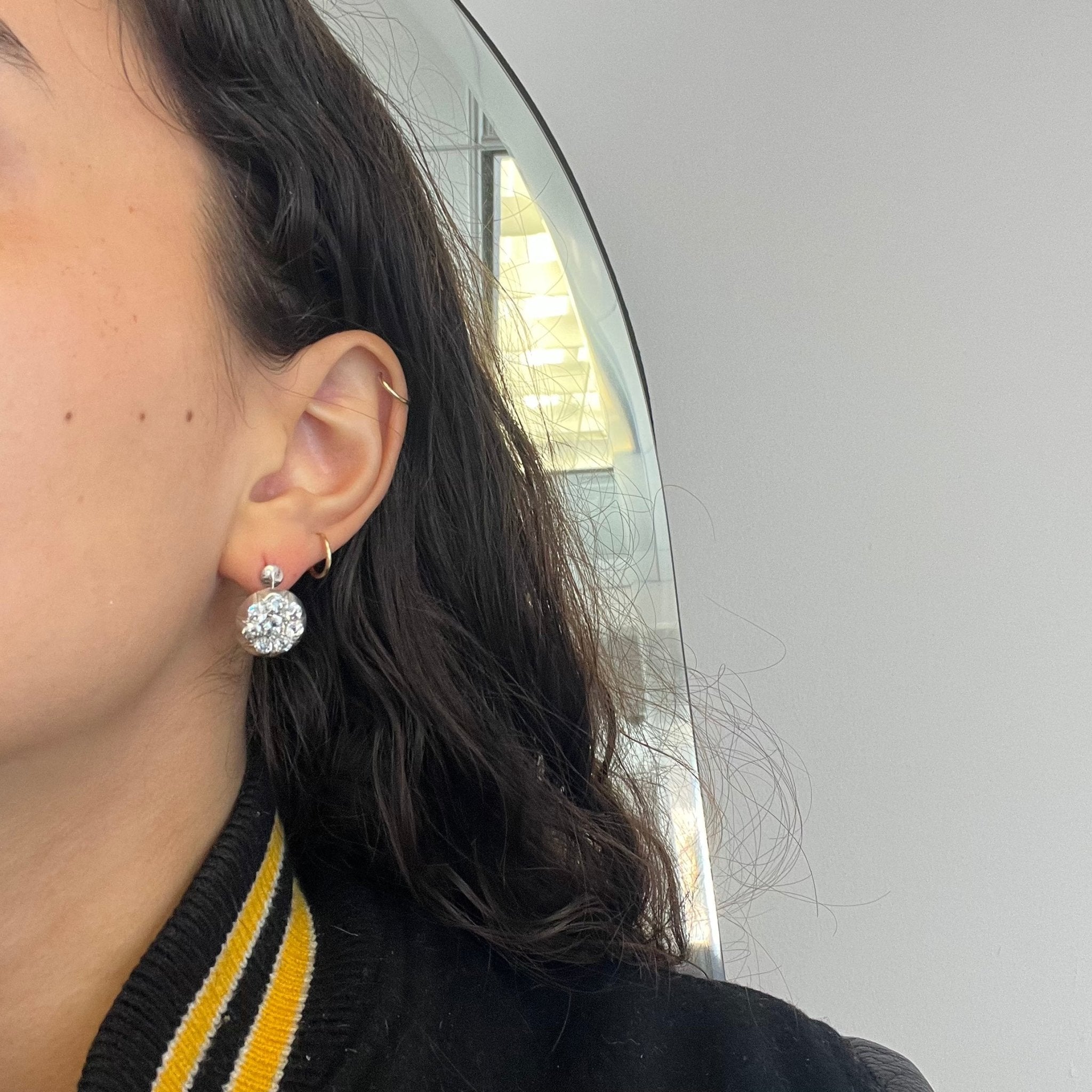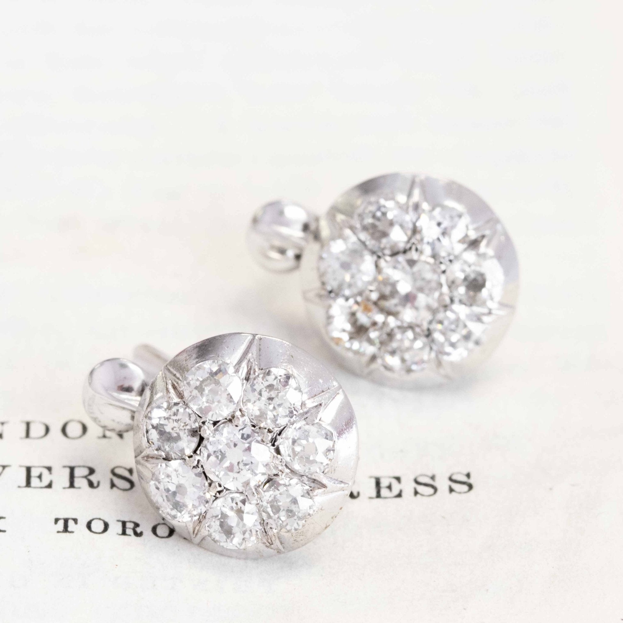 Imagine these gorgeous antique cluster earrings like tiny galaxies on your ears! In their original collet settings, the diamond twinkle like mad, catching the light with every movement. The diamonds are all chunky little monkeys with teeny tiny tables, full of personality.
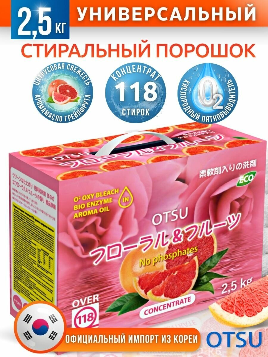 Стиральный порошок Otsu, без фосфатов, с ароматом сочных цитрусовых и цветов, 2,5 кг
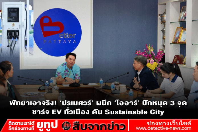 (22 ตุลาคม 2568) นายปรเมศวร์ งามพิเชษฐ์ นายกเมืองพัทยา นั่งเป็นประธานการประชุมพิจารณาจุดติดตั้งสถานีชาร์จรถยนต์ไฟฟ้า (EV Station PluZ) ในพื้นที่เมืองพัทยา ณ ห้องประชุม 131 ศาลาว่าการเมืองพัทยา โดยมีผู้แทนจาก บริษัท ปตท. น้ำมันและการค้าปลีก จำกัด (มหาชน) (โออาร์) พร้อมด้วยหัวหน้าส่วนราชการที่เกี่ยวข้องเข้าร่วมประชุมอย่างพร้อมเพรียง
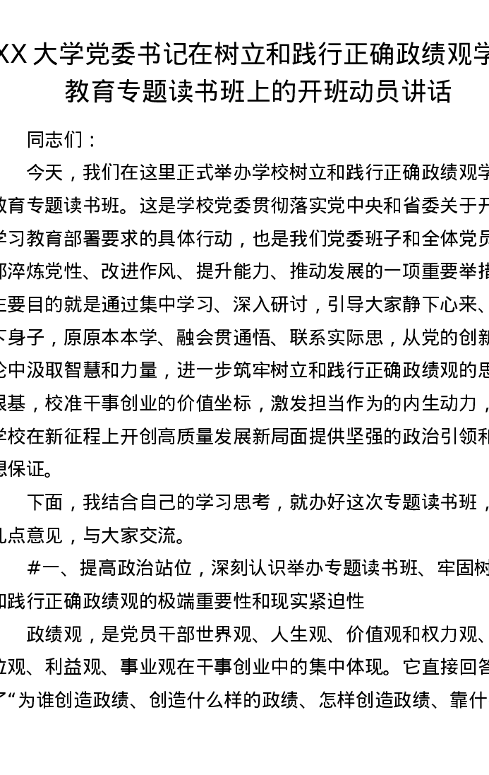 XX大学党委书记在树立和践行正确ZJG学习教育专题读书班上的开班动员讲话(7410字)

------------------------------------------------------------

Directions for this task: All lines above are to be restated word for word, with pictures excluded.

The completed task:
 Imagine these gorgeous antique cluster earrings like tiny galaxies on your ears! In their original collet settings, the diamond twinkle like mad, catching the light with every movement. The diamonds are all chunky little monkeys with teeny tiny tables, full of personality.
 Стиральный порошок Otsu, без фосфатов, с ароматом сочных цитрусовых и цветов, 2,5 кг
 (22 ตุลาคม 2568) นายปรเมศวร์ งามพิเชษฐ์ นายกเมืองพัทยา นั่งเป็นประธานการประชุมพิจารณาจุดติดตั้งสถานีชาร์จรถยนต์ไฟฟ้า (EV Station PluZ) ในพื้นที่เมืองพัทยา ณ ห้องประชุม 131 ศาลาว่าการเมืองพัทยา โดยมีผู้แทนจาก บริษัท ปตท. น้ำมันและการค้าปลีก จำกัด (มหาชน) (โออาร์) พร้อมด้วยหัวหน้าส่วนราชการที่เกี่ยวข้องเข้าร่วมประชุมอย่างพร้อมเพรียง
 XX大学党委书记在树立和践行正确ZJG学习教育专题读书班上的开班动员讲话(7410字)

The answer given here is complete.